> **Records for the exercise**
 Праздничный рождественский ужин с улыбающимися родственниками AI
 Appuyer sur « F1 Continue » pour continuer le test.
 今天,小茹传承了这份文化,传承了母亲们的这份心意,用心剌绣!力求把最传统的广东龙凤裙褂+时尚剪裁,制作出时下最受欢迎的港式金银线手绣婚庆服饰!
==
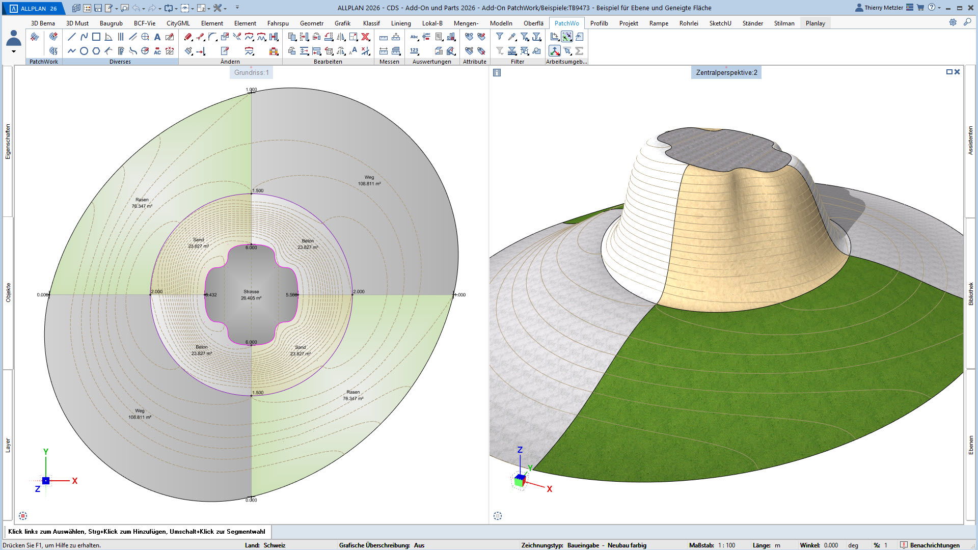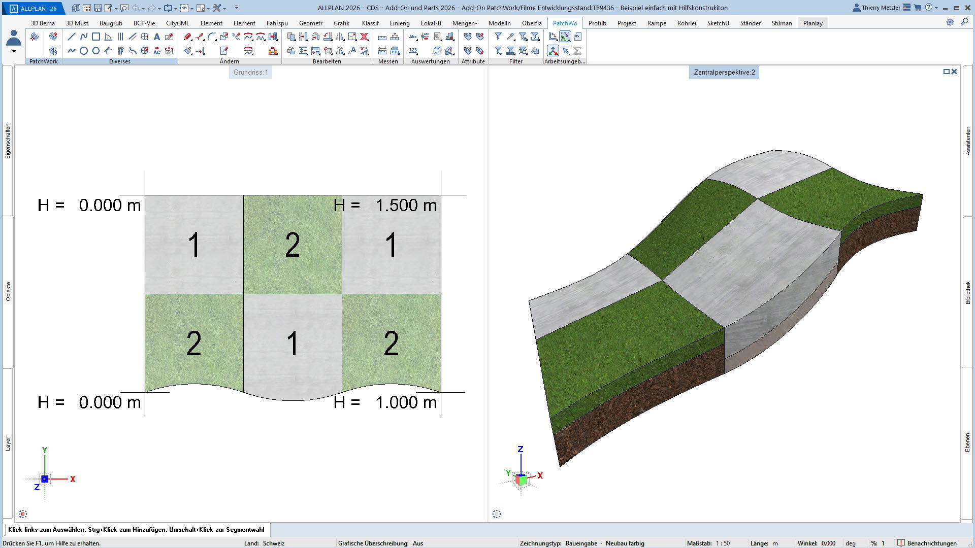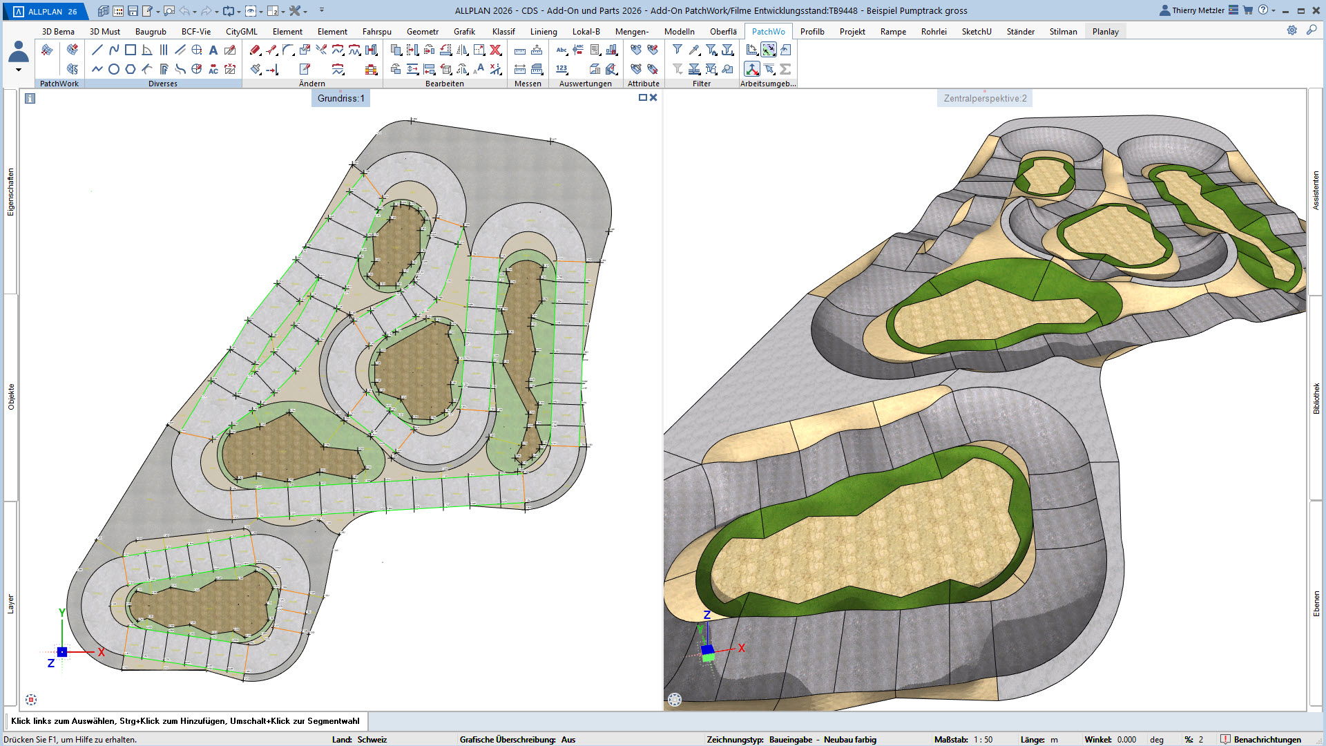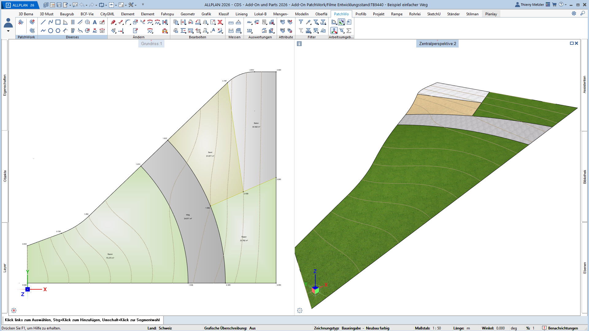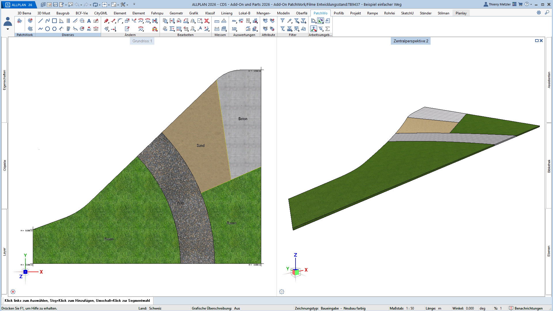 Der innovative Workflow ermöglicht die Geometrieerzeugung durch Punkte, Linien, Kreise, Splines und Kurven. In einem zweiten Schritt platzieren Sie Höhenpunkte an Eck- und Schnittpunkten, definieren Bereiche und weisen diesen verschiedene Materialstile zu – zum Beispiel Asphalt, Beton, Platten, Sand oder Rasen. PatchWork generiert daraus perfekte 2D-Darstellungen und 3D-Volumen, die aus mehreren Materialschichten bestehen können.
...
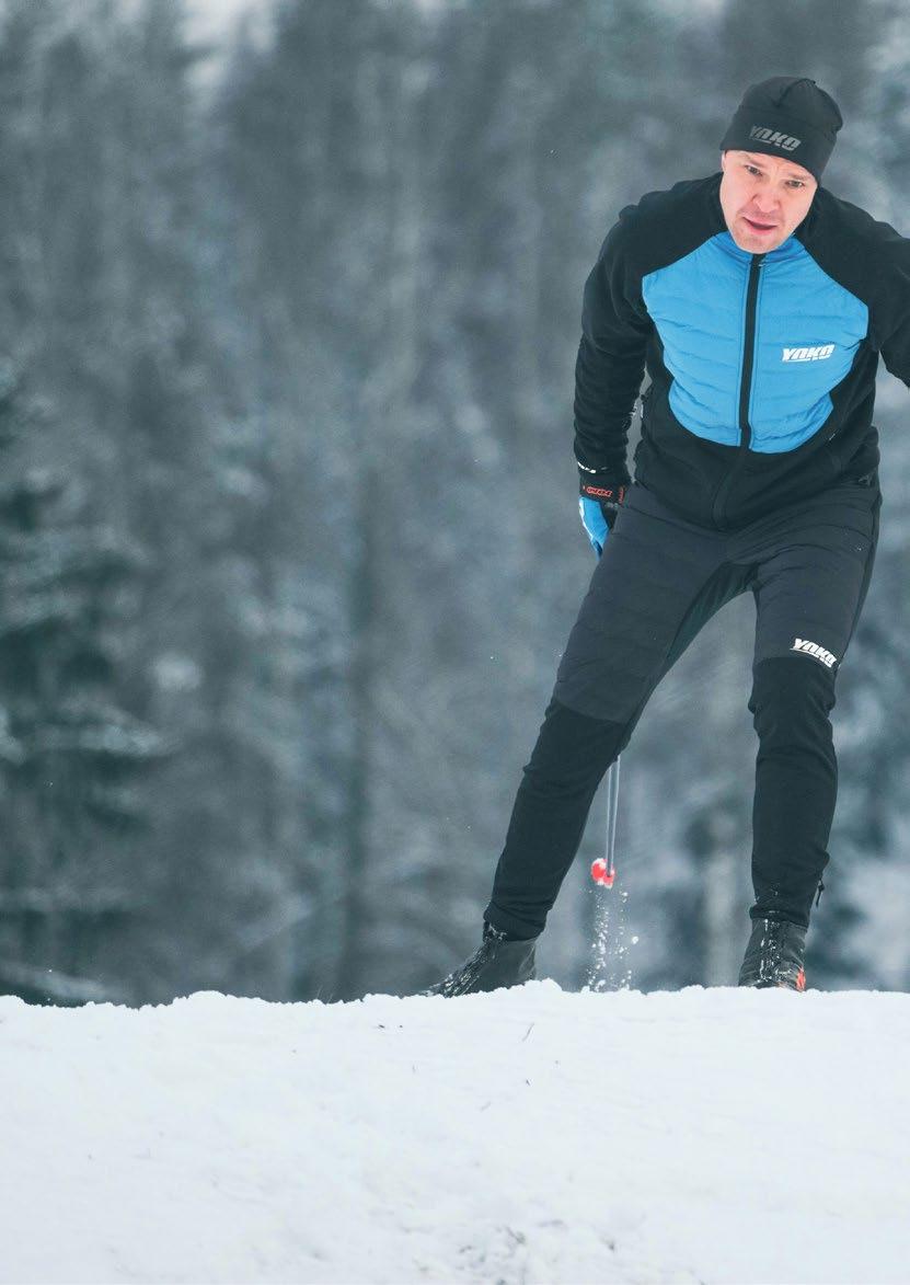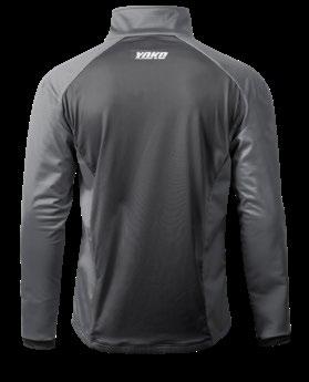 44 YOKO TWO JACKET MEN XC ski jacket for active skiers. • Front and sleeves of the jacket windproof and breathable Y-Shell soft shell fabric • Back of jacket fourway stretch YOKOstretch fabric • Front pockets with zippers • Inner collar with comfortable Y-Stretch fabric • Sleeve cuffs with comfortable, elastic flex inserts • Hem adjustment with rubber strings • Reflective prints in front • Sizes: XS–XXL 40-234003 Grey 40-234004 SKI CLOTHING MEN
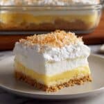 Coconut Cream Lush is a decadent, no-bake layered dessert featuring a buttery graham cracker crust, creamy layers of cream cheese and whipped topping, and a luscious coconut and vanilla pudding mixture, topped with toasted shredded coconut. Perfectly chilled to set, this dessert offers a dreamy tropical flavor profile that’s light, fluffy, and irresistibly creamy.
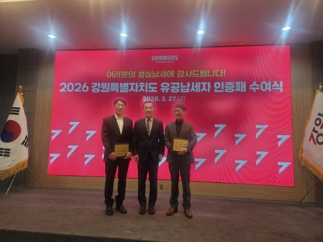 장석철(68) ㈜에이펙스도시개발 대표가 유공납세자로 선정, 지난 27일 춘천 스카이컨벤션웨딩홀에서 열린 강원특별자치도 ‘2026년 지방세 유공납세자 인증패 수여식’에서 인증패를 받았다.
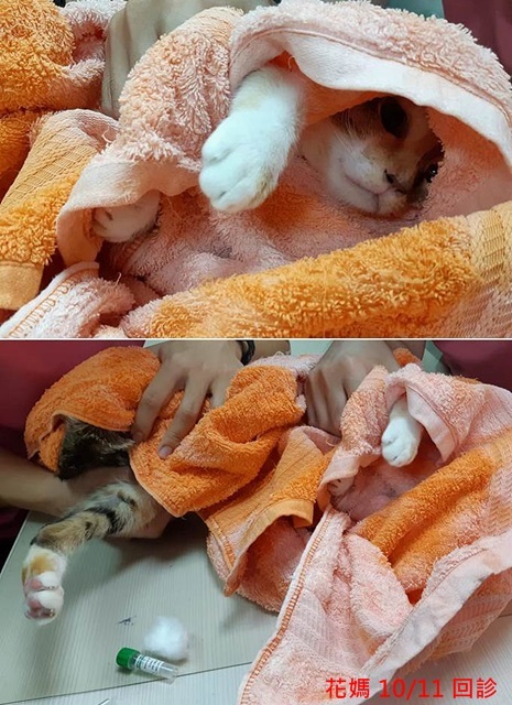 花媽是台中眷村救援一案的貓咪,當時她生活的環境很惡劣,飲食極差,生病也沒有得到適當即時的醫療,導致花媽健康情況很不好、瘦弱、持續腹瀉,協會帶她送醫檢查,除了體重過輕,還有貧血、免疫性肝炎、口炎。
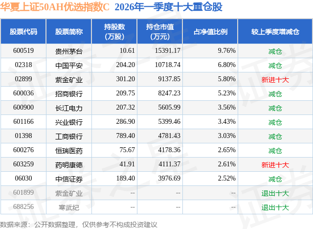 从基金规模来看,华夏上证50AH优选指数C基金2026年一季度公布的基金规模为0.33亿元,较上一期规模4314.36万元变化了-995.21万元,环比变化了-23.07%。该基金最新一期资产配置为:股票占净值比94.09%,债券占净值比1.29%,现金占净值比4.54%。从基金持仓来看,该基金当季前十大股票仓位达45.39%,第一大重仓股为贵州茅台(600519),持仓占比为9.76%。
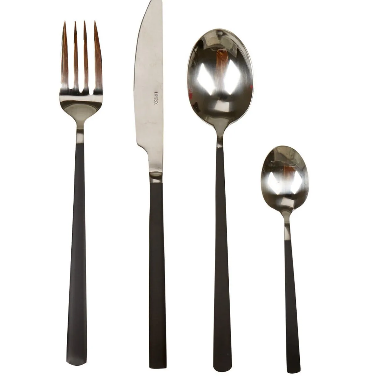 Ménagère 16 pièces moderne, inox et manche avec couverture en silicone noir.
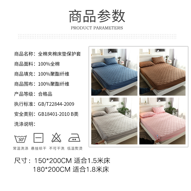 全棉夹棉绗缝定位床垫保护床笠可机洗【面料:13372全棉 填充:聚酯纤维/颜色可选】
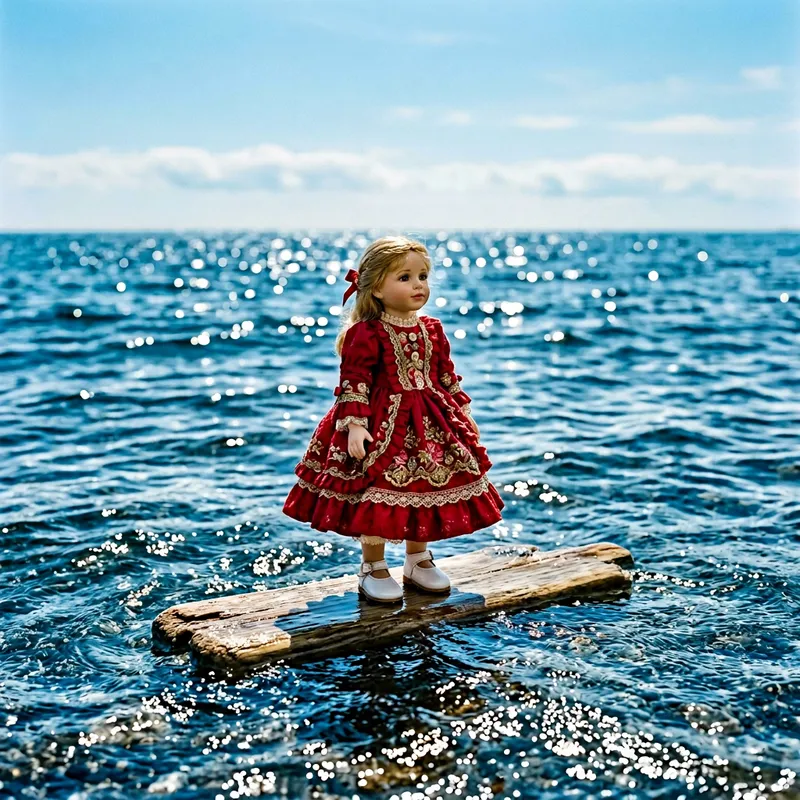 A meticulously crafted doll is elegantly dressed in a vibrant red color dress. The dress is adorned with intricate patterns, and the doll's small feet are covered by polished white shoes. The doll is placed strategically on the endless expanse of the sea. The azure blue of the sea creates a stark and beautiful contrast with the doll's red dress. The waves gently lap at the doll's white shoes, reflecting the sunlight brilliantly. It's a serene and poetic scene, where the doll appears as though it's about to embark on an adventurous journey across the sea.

> **Your task**
Your answer should be the exact lines above from the one containing "全棉夹棉绗缝定位床垫保护床笠" through the one containing "A meticulously crafted", with both end lines kept and the pictures removed, please.

> **Finished exercise**
 全棉夹棉绗缝定位床垫保护床笠可机洗【面料:13372全棉 填充:聚酯纤维/颜色可选】
 A meticulously crafted doll is elegantly dressed in a vibrant red color dress. The dress is adorned with intricate patterns, and the doll's small feet are covered by polished white shoes. The doll is placed strategically on the endless expanse of the sea. The azure blue of the sea creates a stark and beautiful contrast with the doll's red dress. The waves gently lap at the doll's white shoes, reflecting the sunlight brilliantly. It's a serene and poetic scene, where the doll appears as though it's about to embark on an adventurous journey across the sea.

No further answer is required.